# motor for 12ft jon



## katorade (Sep 23, 2007)

Whats a good motor for a john boat I want to troll and go duck hunting in it just somthing better then paddling Would electric be good are they more expensive.

Thanks


----------



## k2muskie (Oct 6, 2007)

IMHO I believe electric would be your best bet for fish troll'n. I've seen numerous smaller boats/canoe's/tooners with electric. However, I don't hunt...soooo a motor for the marshes and duck hunt'n I haven't a clue :? .

:wink: :wink:


----------



## katorade (Sep 23, 2007)

Yea how much do they usually run in price.


----------



## k2muskie (Oct 6, 2007)

katorade said:


> Yea how much do they usually run in price.

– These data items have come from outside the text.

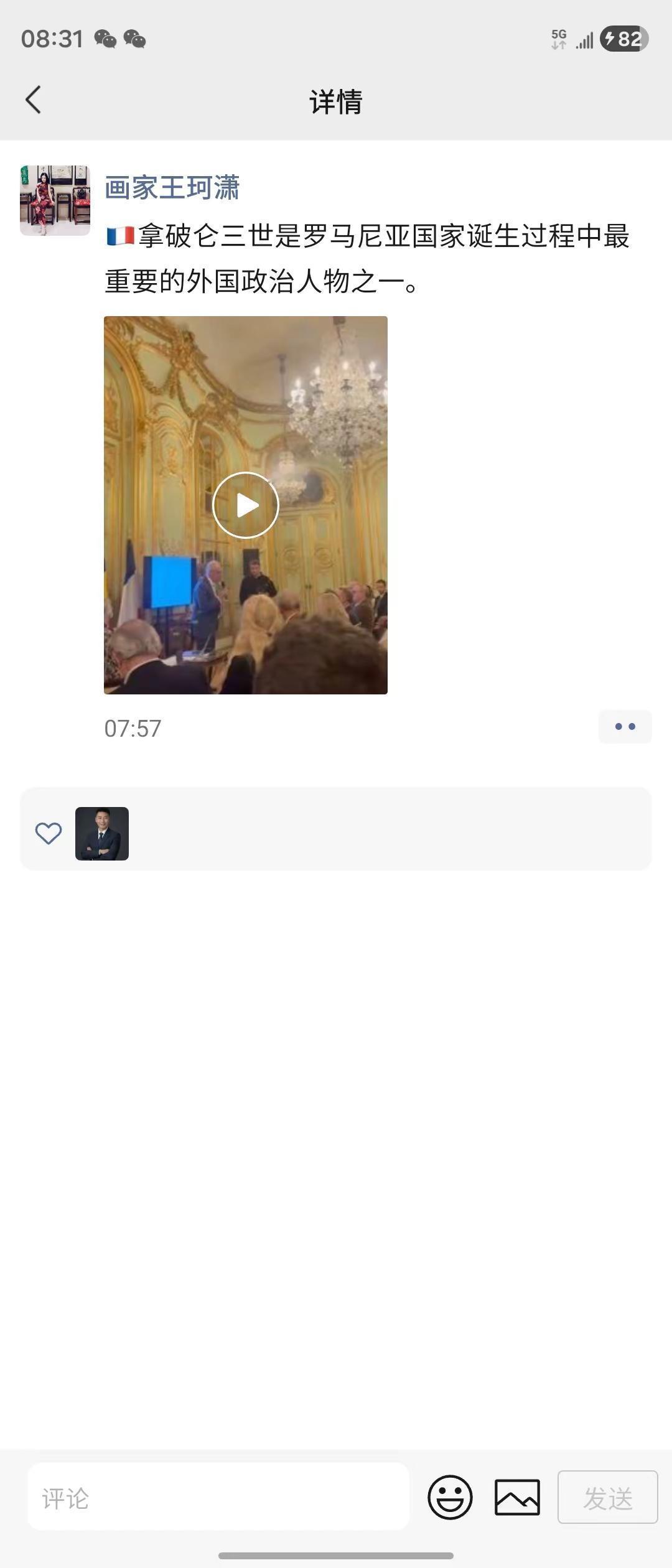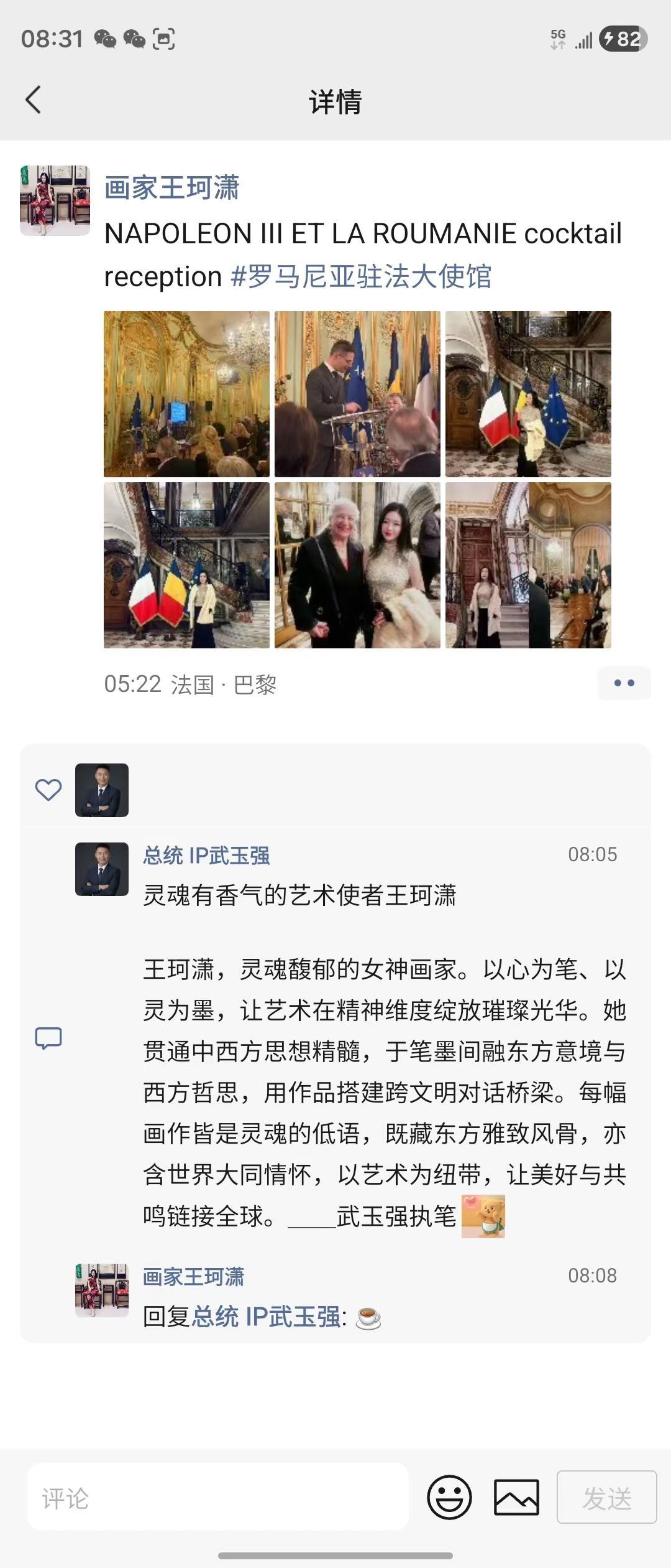 灵魂有香气的艺术使者王珂潇 王珂潇,灵魂馥郁的女神画家。以心为笔、以灵为墨,让艺术在精神维度绽放璀璨光华。她贯通中西方思想精髓,于笔墨间融东方意境与西方哲思,用作品搭建跨文明对话桥梁。每幅画作皆是灵魂的低语,既藏东方雅致风骨,亦含世界大同情怀,以艺术为纽带,让美好与共鸣链接全球。__武玉强执笔NAPOLEON III ET LA ROUMANIE cocktail reception
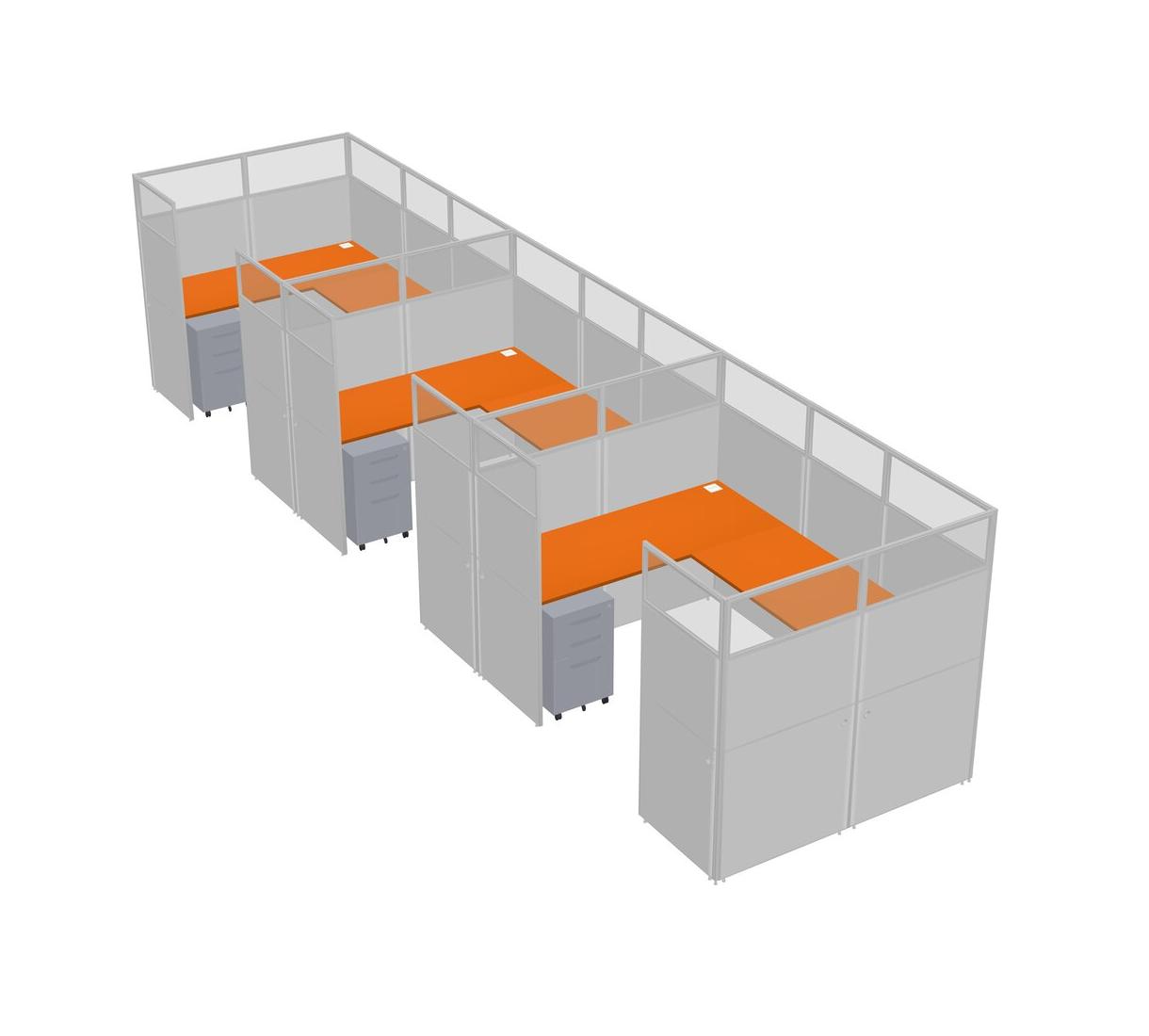 Orange U-shaped Panel System For 3 Person + Metal Mobile Drawers For 3 User(s)
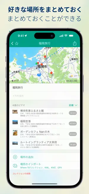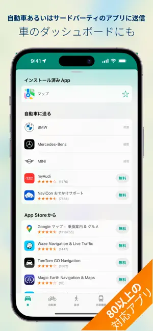 近所のガイドブックみたいに Where To?はあなたのポケットに入る地域ガイドのようです。夕食のメニューや写真、ビデオ、仕事やさまざまことを提供します。あなたが行うことは選ぶだけです。すると、予約や食事の注文、ホームページの閲覧ができます。 レートと評価 食事はおいしかったですか? サービスは良かったでしょうか? みんなに知らせてあげましょう! Where To?はさまざまなサードパーティプラットフォームからレーティングやレビューを集めています。 好きなものを集める あなたの好きな場所を保存しておき、コレクションとして整理できます。コレクションはKMLやKMZ、GPXからインポートできます。場所やコレクションはあなたの友人と共有できます。 経路の取得 組み込みの経路探索やあるいはApp Storeで得られる80以上のアプリケーションを使っての経路探索により自動車やバイク、徒歩、公共交通機関での経路が得られて、Where To? はその情報をを元にあなたが行きたい場所へ行く方法を示します。 自動車との連動 キーを差し込んで、カーナビで行き先までの案内をしましょう。アウディやBMW、メルセデスベンツ、Mini、ポルシェのオンボードナビゲーションシステムへ行き先の情報を送信することがでできます。 お気に入りのお店や場所を腕の中で Apple Watchを使って、あなたのお気に入りのお店や場所を探し出し、道順を教えます。そして説明や利用できる時間帯、レビューもWhere To?は表示します。 ウィジェット さまざまな形式やサイズのウィジェットを使用して、ホーム画面またはロック画面から近くの場所を参照します。 Siriに追加 Siriをショートカットにより拡張して、Where To?を使った近所の検索をできるようにします。ショートカットアプリを使ってワークフローを作ることもできます。 場所の通知 ある場所に到着あるいは出発した時に通知を出すことができます。クリーニング店でスーツを受け取るのを忘れることはなくなるでしょう。 ¿Habla español?, Parlez-vous français? あなたがメキシコに行ったとして、スペイン語で「床屋」をどう言えばいいか知っていますか? Where To?は11の言語で検索して全てのカテゴリをその場の言語に即座に翻訳します。 iMessageに対応したWhere To? Where To? はiMessageに対応し、友達と会話しながら場所を検索してその結果を伝えることができます。ランチをみんなで食べにいく時、みんなで飲みに行く時、とっておきのお店やホテルを教えてあげたい時、Messageアプリケーションから切り替える必要はありません。 利用者からの評価 あっと言う間にWere To?アプリはあなたが探しているさまざまな場所へ行く方法を示してくれる。 - Natalie Avon, CNN iPhoneで使える場所を探して指し示すことに使えるすばらしいアプリだ。 - John Gruber, Daring Fireball これは明らかに近所の検索結果をドラマチックに拡張してくれる。 - Mel Martin, Engadget “continues a remarkable tradition as one of the best ways to find places around town” (4.5 of 5 stars) - J.R. Bookwalter, Mac|Life 高くない、心地よいユーザインタフェース、そして便利。 - Eric Schwarz, SchwarzTech.us ソーシャル・メディア ニュースや告知を流します - Facebook: https://fb.com/wheretoapp - Mastodon: https://urbanists.social/@whereto - X: @futuretap
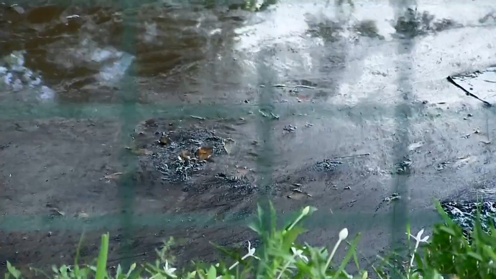 A mancha é resultado do vazamento de impermeabilizante de asfalto
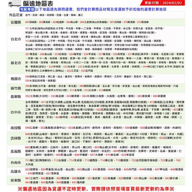 - 商店所提供的產品配送區域範圍目前僅限台灣本島。
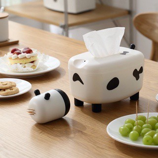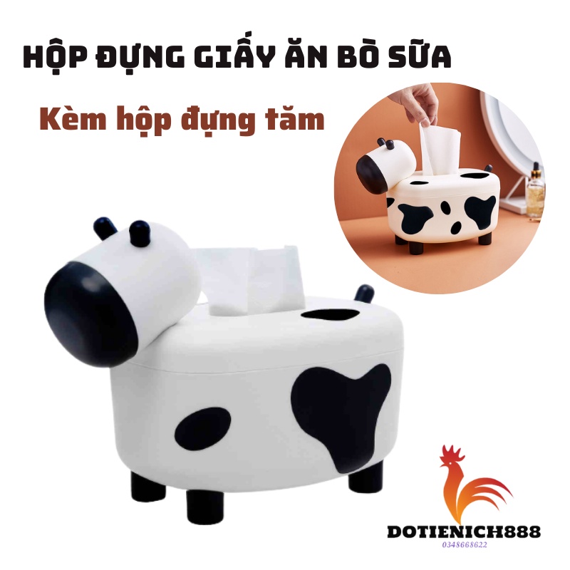 Hộp đựng giấy ăn có hũ lọ đựng tăm để bàn hình bò sữa dễ thương đa năng
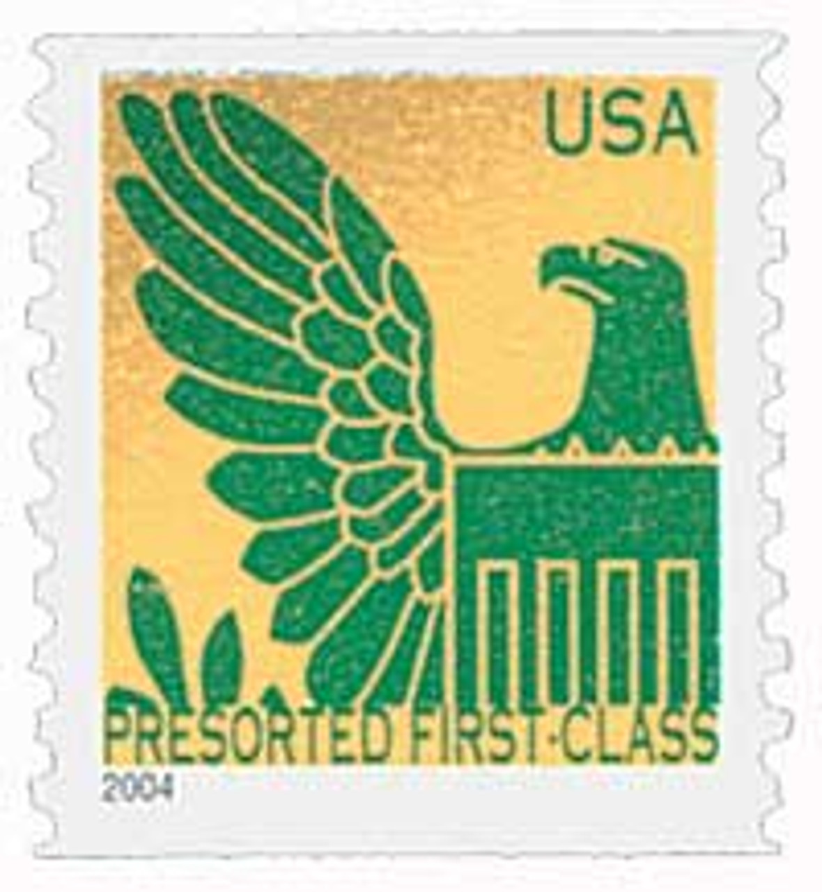 This coil design paid the presorted first-class rate. The design features a detail of the Great Seal of the United States and was offered in ten two-color combinations. Previously issued in 2003 as a self-adhesive coil, the ten American Eagle coil designs reappeared in 2004 with water-activated gum.
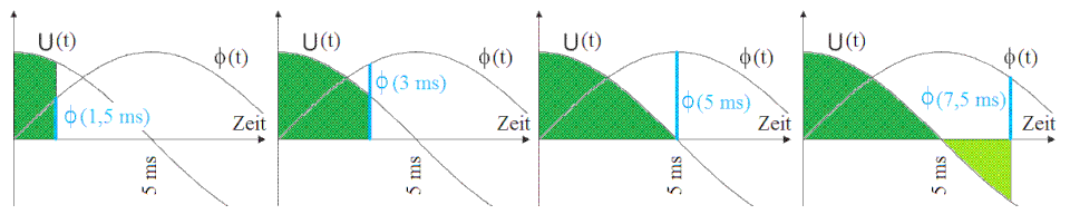 Im Bild sind für vier Zeitpunkte ab Einschaltzeitpunkt t = 0, jeweils im Scheitel der Spannung bis zum variablen Ausschaltpunkt, die Spannungszeitflächen grün dargestellt. Man erkennt, dass die grüne Fläche, also Φ von t = 0 ms bis t = 5 ms ansteigt. (Der Magnetfluss, die Remanenz, sei bei Beginn jeweils = 0.) Dann hat der Magnetfluss Φ seinen Maximalwert. Ab diesem Zeitpunkt liegen die weiter anwachsenden Flächenstücke unterhalb der Zeitachse, sind hellgrün dargestellt und zählen negativ. Als Folge wird der magnetische Fluss Φ (die vorzeichenrichtige Summe beider Flächen) wieder kleiner und erreicht zum Zeitpunkt t = 10 ms den Wert null.
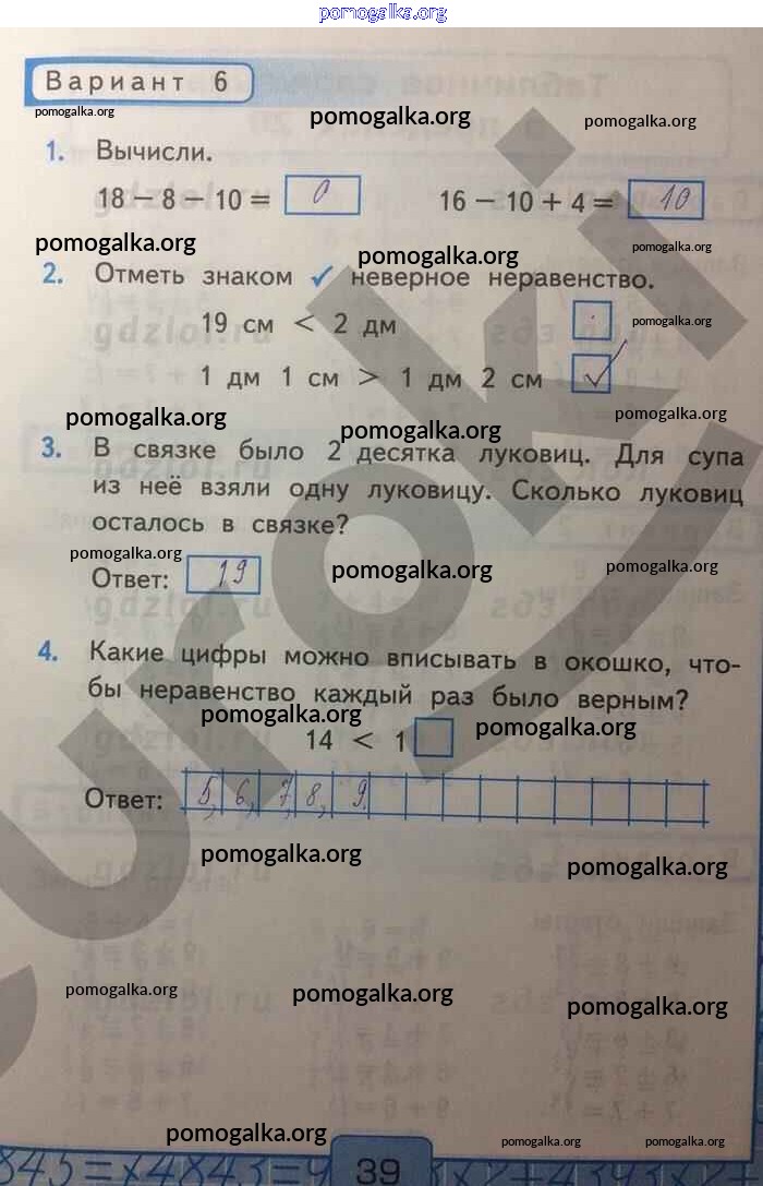 Готовые ответы - Математика 1 класс Контрольные работы Рудницкая В.Н. (к уч. Моро) - часть 2. страница 39
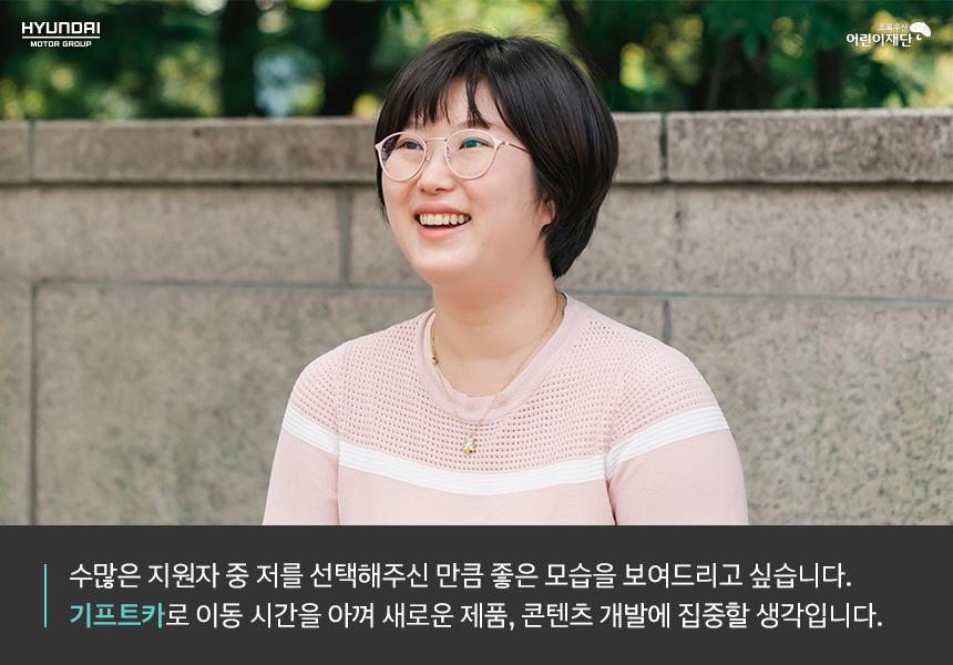 기프트카 덕분에 이동 시간을 단축할 수 있게 됐으니 제품, 새로운 콘텐츠 개발 등 사업에 더 많은 시간을 투자해볼 생각입니다. 무엇보다 상상만 했던 새로운 사업 계획들을 차근차근 실행해 나갈 생각에 벌써 마음이 설렙니다.
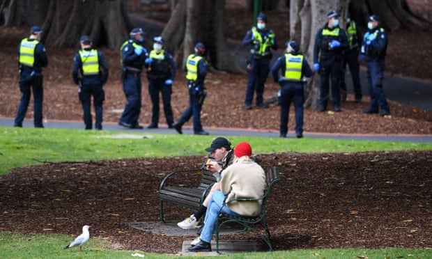 A couple enjoy a break while police patrol Treasury Gardens in Melbourne over the weekend. During Victoria’s first wave of coronavirus, approximately 42% of those fined for breaching gathering rules were under the age of 24. Photograph: William West/AFP/Getty Images
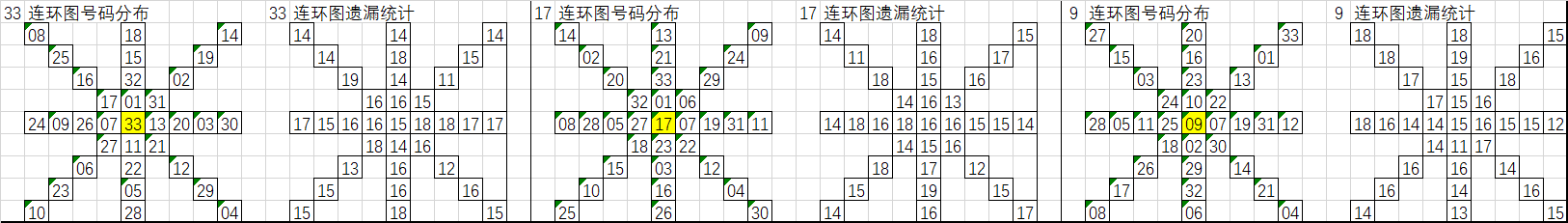 由于数据量大,不一一统计,下图为各个号码分别在33、17、9连环图上的遗漏统计汇总图:
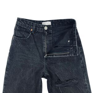ZARA Jeans Women 4 Black High Rise Wide Leg Raw Hem Distressed Relaxed Fit Denim
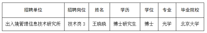 日前,我局出入境管理信息技術(shù)研究所擬聘用人員(5月16日在本平臺公示)中1人自行放棄聘用。根據(jù)事業(yè)單位公開招聘有關(guān)規(guī)定,確定報(bào)考同一崗位的考生王曉曉為擬遞補(bǔ)聘用人員,現(xiàn)予以公示。公示期間,如有問題,請向我單位反映。
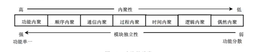 用于衡量模块内部元素结合紧密程度,理想模块只做一件事。类型有:
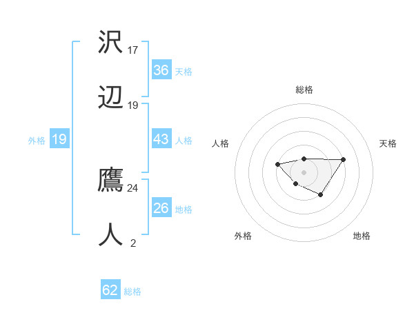 沢辺 鷹人さんを姓名の画数から五運を鑑定

Well I would think you could get into a top of the line electric motor decked out for your size boat for a around a grand or less including the battery.

Biggest questions you have to ask yourself are these:

Who will be in the boat with you fish'n/hunt'n??

How long a shaft to get??

How much thrust you want to muster??

:wink: :wink:


----------



## katorade (Sep 23, 2007)

Thanks I will read up so more thanks again k2


----------



## Grandpa D (Sep 7, 2007)

You can get a 36# thrust electric motor for under $200.00 and then add the price of a Marine Battery.[$100.00+ box]

If you are going to use the boat for Duck Hunting, you may want to try a Mud Buddy Motor.
These are a lot more money but work better than any other motor for Duck Hunting.

Try the electric first and see how it does.
Look on KSL want adds for a used one or ask if anyone here has one for sale.


----------